Get out there and do things. Action is the antidote to depression. It’s the only thing that breaks down the paralysis of isolation and loss of will. Lose yourself in a higher purpose, find your calling that will give meaning to your life and build hope in the future.
In other words, do all those things you can’t possibly do when you’re severely depressed. Despite the considerable insight and wisdom behind much of this advice, the recommended programs often boil down to a set of directives that sound like platitudes.
The best things they do are help you recognize where you are, to see the full scope of your illness, and then to define where you want to be, all the elements of recovery and a fulfilling life.
Learning to Cope
Getting your life back isn’t so much a matter of ending depression altogether – though that blessed event can happen.

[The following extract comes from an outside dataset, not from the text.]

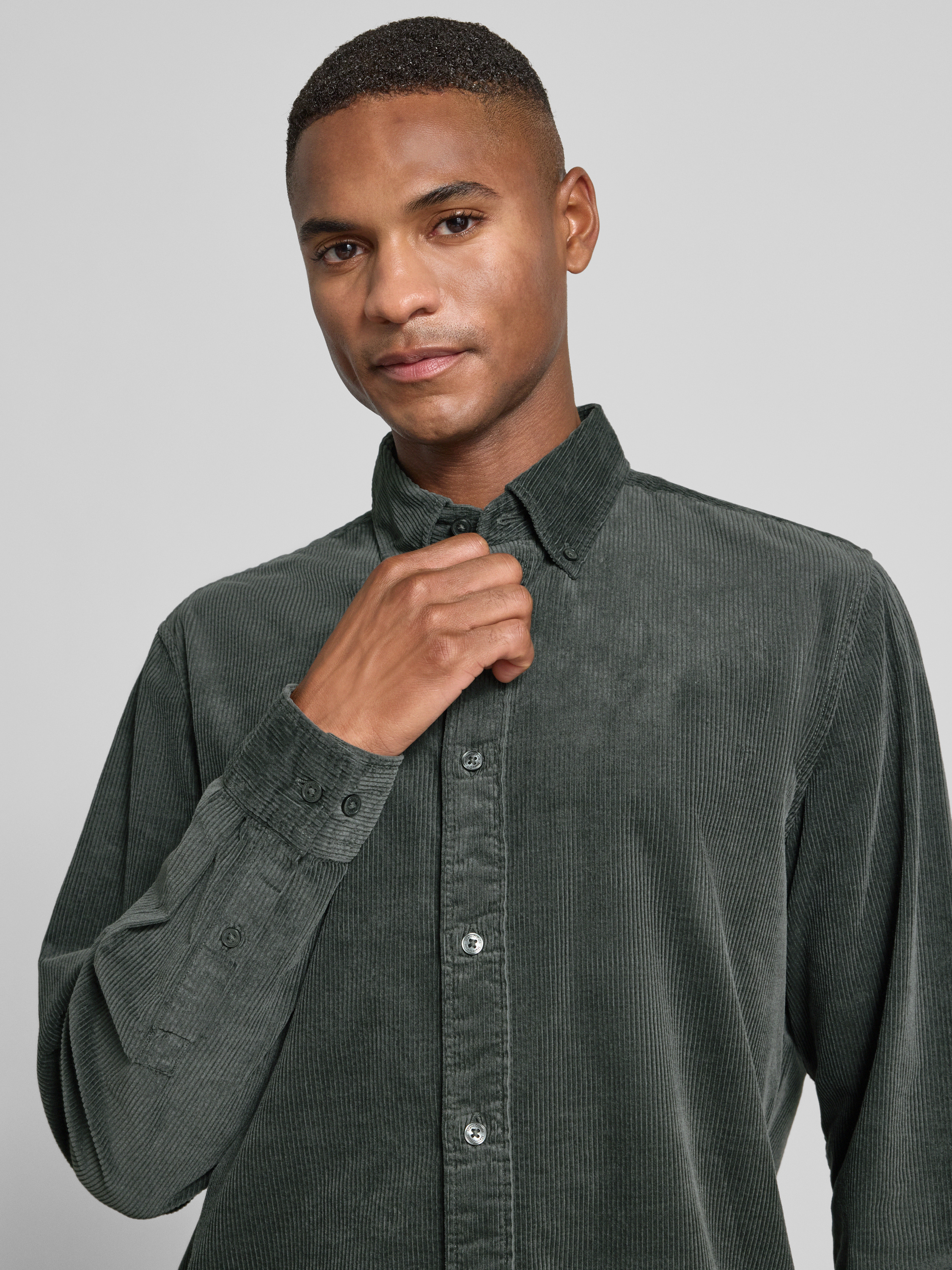 Das Herren Freizeithemd von Marc O'Polo zeigt sich im Regular-Fit und überzeugt durch seine angenehme Haptik dank reiner Baumwolle in Cord-Optik. Die unifarbene Gestaltung sorgt für vielseitige Kombinationsmöglichkeiten, während der Button-Down-Kragen sowie langärmelige Manschetten einen klassischen Akzent setzen. So eignet sich das Hemd für entspannte Anlässe und einen komfortablen Alltag.

For most people, it’s a problem of adapting to the reality of the illness.
I don’t want to suggest that you shouldn’t try to recover, but if you wait for total healing your life could collapse in the meantime. To begin with, you need to find ways to get through each day despite the illness.
When I’ve been depressed, getting through the day has been the biggest challenge I could handle. I usually started out with a belief that things would likely not go so well during the day ahead. After all, today was going to be a follow-up to yesterday, and that couldn’t have been much worse. So I convinced myself that I would have similar troubles this time around.
I tend to stay in this circuit of frustration as long as a serious episode lasts. My only hope is that I’ll finally heal and be done with the problem. Until then, I limp along.
I see the possibilities as all or nothing. Either I’ll continue in the misery of isolation and failure, or I’ll come out of depression completely healed. It’s harder to imagine that I’ll have to handle the day as well as I can while still preoccupied with depression.
That’s not my ultimate goal. Full recovery is what I want so that I can get my life back. But daily coping with its modest victories is the only place to begin.
For the time being I can’t escape self-confinement in depression, but I can try to make do for now, even if I have to fake it.
There are a lot of skills to learn about making do, and I’ll be going into them in the next few posts in this series.
How do you manage to get through a day when you’re depressed and can’t stop thinking about yourself?